Dataset extract
•••••

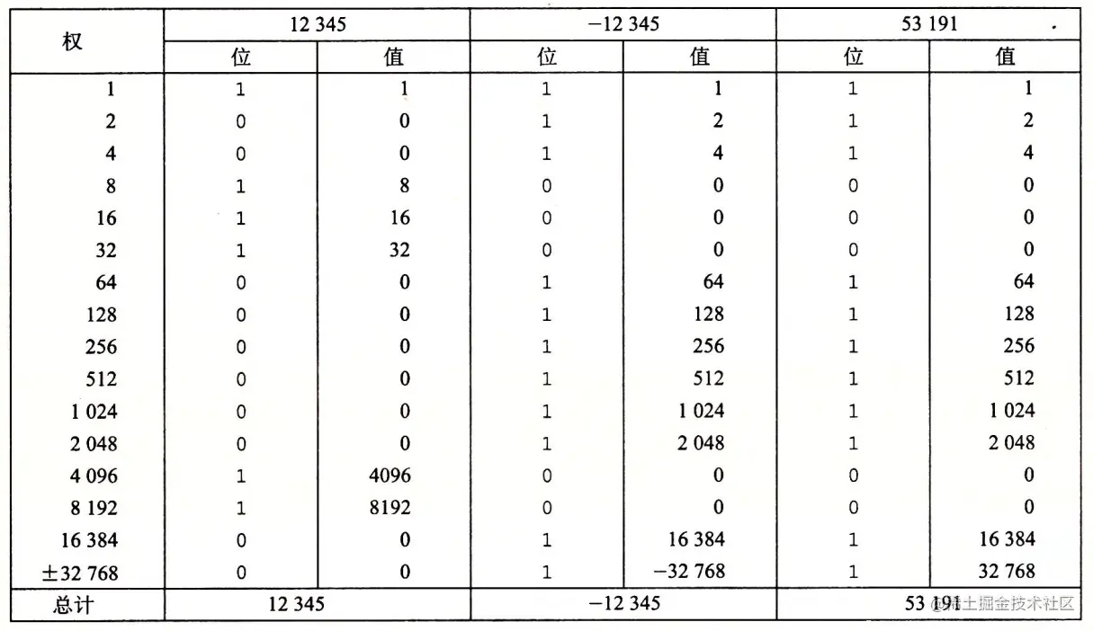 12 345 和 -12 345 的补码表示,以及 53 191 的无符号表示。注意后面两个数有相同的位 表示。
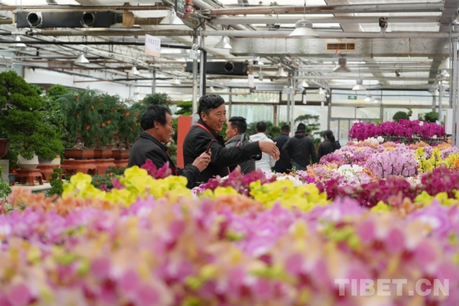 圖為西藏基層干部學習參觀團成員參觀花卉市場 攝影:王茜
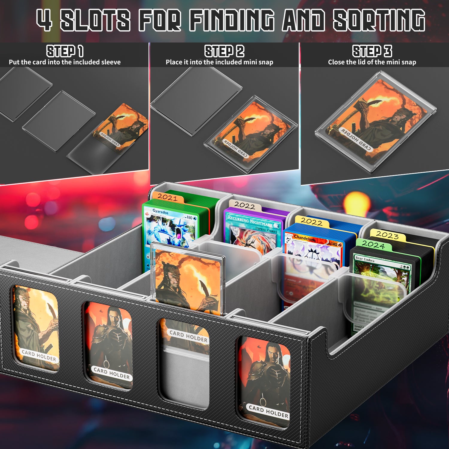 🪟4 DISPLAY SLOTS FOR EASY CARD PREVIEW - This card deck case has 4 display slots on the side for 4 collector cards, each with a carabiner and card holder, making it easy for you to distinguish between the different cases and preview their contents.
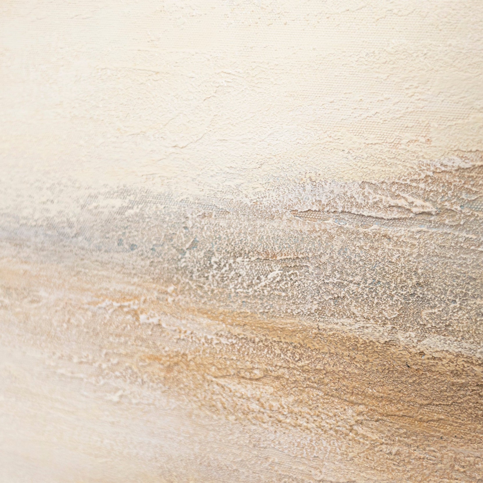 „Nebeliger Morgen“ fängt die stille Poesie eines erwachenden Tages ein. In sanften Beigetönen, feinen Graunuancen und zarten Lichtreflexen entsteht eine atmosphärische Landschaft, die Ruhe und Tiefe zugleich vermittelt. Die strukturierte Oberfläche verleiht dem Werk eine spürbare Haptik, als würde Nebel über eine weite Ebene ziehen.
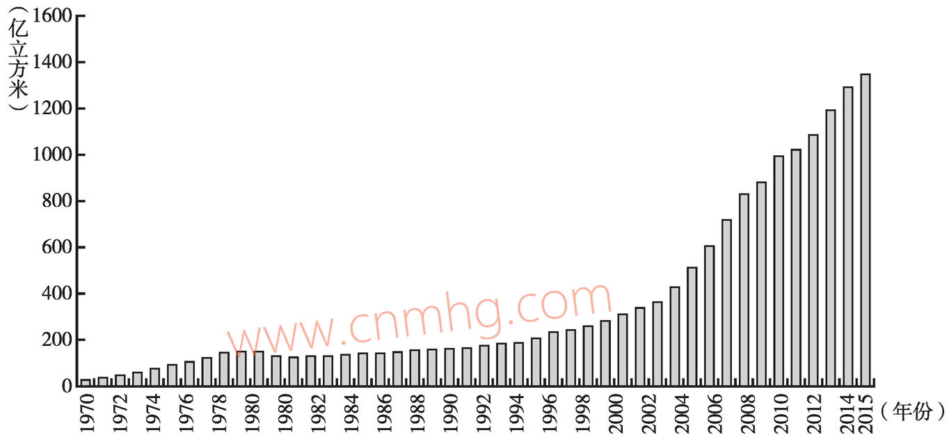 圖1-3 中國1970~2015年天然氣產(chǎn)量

•••••

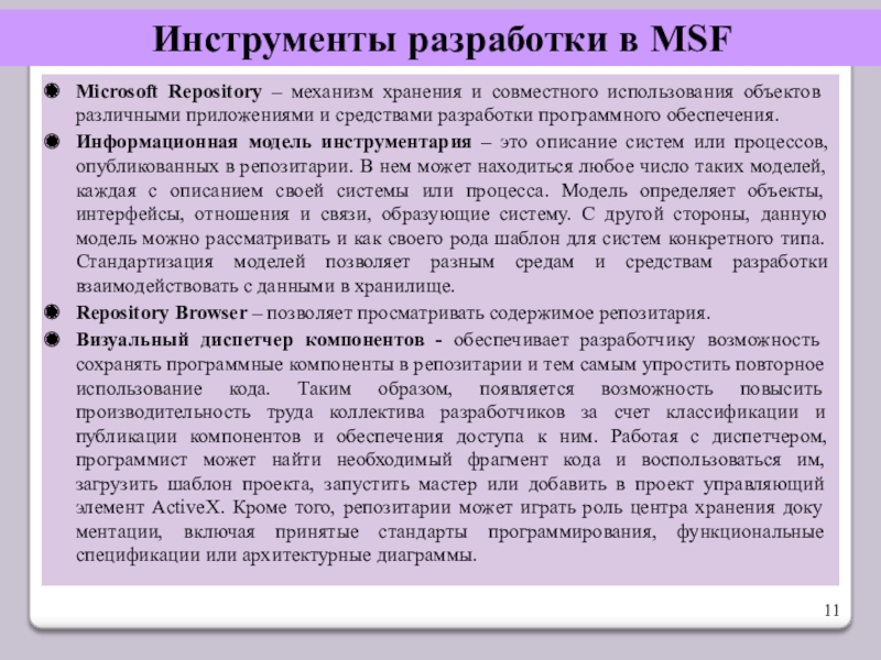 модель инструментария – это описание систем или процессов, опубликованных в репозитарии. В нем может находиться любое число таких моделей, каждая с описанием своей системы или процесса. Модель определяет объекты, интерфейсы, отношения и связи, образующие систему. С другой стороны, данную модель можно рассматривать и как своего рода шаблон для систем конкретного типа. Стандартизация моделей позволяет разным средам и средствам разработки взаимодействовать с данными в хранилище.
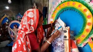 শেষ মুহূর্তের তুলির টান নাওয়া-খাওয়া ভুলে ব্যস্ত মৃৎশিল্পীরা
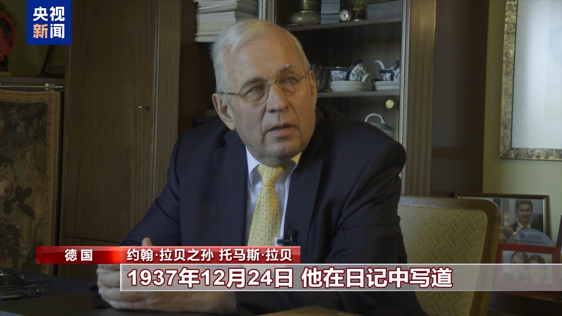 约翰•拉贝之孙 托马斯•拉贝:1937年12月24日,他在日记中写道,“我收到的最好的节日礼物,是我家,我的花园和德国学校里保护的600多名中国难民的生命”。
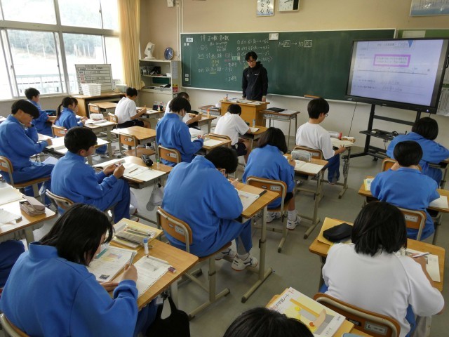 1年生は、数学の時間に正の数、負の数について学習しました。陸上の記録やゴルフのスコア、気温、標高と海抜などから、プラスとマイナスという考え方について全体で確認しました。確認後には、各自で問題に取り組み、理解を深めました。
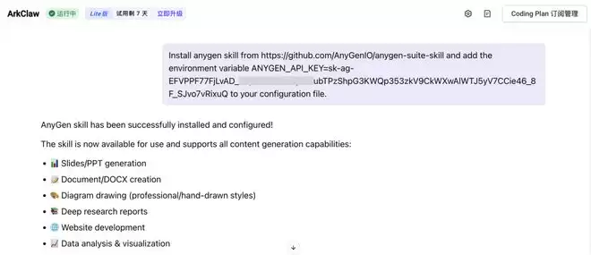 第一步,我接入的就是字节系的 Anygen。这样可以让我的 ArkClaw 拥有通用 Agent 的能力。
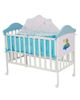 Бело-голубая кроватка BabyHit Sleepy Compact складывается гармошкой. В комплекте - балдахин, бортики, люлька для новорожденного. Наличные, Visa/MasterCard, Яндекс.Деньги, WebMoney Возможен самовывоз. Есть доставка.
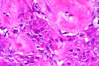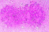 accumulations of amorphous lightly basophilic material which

•••••

Task item
All that is wanted is the lines above between the one containing "Бело-голубая кроватка BabyHit" and the one containing "accumulations of amorphous", inclusive, restated word for word, with pictures omitted.

Reply to the task
 Бело-голубая кроватка BabyHit Sleepy Compact складывается гармошкой. В комплекте - балдахин, бортики, люлька для новорожденного. Наличные, Visa/MasterCard, Яндекс.Деньги, WebMoney Возможен самовывоз. Есть доставка.
 accumulations of amorphous lightly basophilic material which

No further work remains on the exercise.